Category Archives: CUDA

2D Heat Conduction – Solving Laplace’s Equation on the CPU and the GPU

Laplace’s equation is one of the simplest possible partial differential equations to solve numerically. It applies to various physical processes like electric potentials and temperature fields. In this blog, I will highlight a simple numerical scheme to solve this equation referred to as Jacobi iteration. Starting with a simple CPU based C++ code, I will highlight how easy it is to port this code to the GPU using CUDA.

We’ll focus on a particular example from heat transfer, where the goal is to solve for the steady-state temperature field T(x,y) and the solution domain is a square of size L in the X-Y plane. The boundary conditions are as follows:

  • Left edge: x = 0, T(0, y) = 1
  • Right edge: x = L, T(L, y) = 0
  • Bottom edge: y = 0, T(x,0) = 0
  • Top edge: y = L, T(x,L) = 0

Without going into too many details, the core algorithm for solving the temperature field inside the domain boils down to this simple equation:

T(i,j) = 0.25 * [T(i-1,j) + T(i+1,j) + T(i,j-1) + T(i,j+1)]       ——-   (1)

Here, it is assumed that the square domain is represented using a computational grid of N x N points, equally spaced along X and Y. Equation (1) essentially states that the temperature value at any node point equals the arithmetic average of the 4 neighboring temperature values. The value at the boundary node points are known from the boundary conditions and the objective is to iteratively find the interior T(i,j) values using Eq.(1).

The CPU approach

We define two 2D arrays, T(1:N,1:N) and T_new(1:N,1:N) and essentially loop over all interior node points in the domain, updating T_new(i,j) at each interior node point using values from T(i,j) from the previous iteration. The core Jacobi function from the CPU code is copied below for reference.

void Jacobi(float* T, float* T_new)
{
    const int MAX_ITER = 1000;
    int iter = 0;

    while(iter < MAX_ITER)
    {
        for(int i=1; i<NX-1; i++)
        {
            for(int j=1; j<NY-1; j++)
            {
                float T_E = T[(i+1) + NX*j];
                float T_W = T[(i-1) + NX*j];
                float T_N = T[i + NX*(j+1)];
                float T_S = T[i + NX*(j-1)];
                T_new[i+NX*j] = 0.25*(T_E + T_W + T_N + T_S);
            }
        }

        for(int i=1; i<NX-1; i++)
        {
            for(int j=1; j<NY-1; j++)
            {
                float T_E = T_new[(i+1) + NX*j];
                float T_W = T_new[(i-1) + NX*j];
                float T_N = T_new[i + NX*(j+1)];
                float T_S = T_new[i + NX*(j-1)];
                T[i+NX*j] = 0.25*(T_E + T_W + T_N + T_S);
            }
        }
        iter+=2;
    }
}

In this implementation, we update T_new(i,j) using values from T(i,j) and then update T(i,j) using values from T_new(i,j). This essentially completes two Jacobi iterations. We keep going until a set number of maximum iterations is reached (1,000 in the above code snippet). The CPU implementation is slow mainly because we update points in a sequential fashion, one after the other. But this was pretty much the best you could hope for before parallel computing.

The GPU approach: CUDA

Notice that each update of T_new(i,j) in the above code is independent of every other update. So what if we could update all node points in parallel at the same time? This is exactly what we do using GPUs.

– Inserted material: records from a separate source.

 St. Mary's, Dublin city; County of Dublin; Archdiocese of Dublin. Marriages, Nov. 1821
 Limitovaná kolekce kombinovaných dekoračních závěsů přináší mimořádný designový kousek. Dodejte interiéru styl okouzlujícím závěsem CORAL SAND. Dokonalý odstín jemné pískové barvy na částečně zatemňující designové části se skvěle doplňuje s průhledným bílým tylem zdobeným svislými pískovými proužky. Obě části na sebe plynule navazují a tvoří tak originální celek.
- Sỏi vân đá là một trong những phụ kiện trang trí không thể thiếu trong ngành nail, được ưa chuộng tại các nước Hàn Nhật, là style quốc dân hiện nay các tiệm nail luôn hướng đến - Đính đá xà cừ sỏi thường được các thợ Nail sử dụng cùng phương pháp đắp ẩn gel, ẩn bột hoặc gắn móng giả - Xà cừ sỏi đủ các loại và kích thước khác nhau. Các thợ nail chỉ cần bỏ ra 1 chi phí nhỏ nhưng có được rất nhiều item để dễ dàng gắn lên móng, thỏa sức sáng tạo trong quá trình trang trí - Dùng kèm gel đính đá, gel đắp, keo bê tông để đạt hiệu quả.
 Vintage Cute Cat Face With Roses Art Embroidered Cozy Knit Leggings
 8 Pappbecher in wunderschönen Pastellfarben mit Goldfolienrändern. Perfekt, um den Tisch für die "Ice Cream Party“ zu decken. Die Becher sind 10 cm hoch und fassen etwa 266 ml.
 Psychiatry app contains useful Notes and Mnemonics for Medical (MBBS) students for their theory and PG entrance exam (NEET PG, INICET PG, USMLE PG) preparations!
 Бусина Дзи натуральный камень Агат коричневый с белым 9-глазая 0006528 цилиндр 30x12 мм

Click here to download the GPU (CUDA) code

Notice that the basic instruction for updating the node point using the average of its neighbors is identical in the GPU code. However, the loop over i and j has disappeared in the kernel (function running on the GPU). The key point to understand is that this kernel is executed in parallel using several threads on the GPU using the triple chevron notation <<<   >>>.

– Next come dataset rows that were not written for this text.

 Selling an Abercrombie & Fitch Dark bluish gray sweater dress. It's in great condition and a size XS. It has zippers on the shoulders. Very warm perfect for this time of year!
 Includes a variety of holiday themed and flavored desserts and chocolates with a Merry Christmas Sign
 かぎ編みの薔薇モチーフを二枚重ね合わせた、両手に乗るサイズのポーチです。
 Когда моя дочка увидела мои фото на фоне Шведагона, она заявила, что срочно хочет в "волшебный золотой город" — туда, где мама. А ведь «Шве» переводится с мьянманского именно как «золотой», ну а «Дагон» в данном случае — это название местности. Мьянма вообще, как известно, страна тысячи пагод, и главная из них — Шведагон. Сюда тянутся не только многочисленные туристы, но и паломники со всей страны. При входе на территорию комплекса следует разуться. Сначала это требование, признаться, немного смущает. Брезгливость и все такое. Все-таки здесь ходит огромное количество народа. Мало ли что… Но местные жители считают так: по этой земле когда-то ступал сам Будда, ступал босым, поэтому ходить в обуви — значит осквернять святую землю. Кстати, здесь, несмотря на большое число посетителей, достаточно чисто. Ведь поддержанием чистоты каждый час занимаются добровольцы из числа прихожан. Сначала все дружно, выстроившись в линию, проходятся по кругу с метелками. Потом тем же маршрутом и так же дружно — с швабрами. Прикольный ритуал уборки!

Each thread figures out which node point it is updating and updates the value in the appropriate memory location. When all threads are done updating their node point, we move on to the next iteration. Obviously, the GPU approach is faster than the CPU approach, but there is also some time spent in allocating resources on the GPU and in copying data from the CPU to the GPU. Thus, the speed up in the actual execution of the Jacobi iteration may not become apparent until the mesh size is large.

RESULTS

In the figure below, a comparison of the run-time between the CPU and the GPU is attached. For the largest grid shown below, we obtained a speed up of 143X for the CUDA version compared to the CPU code.

laplaceCUDA

It will be apparent that the GPU version using CUDA is way faster than the CPU version for mesh sizes larger than 256 x 256. In reality, as mentioned above, the actual Jacobi iteration (or convolution) part is always faster than the CPU version.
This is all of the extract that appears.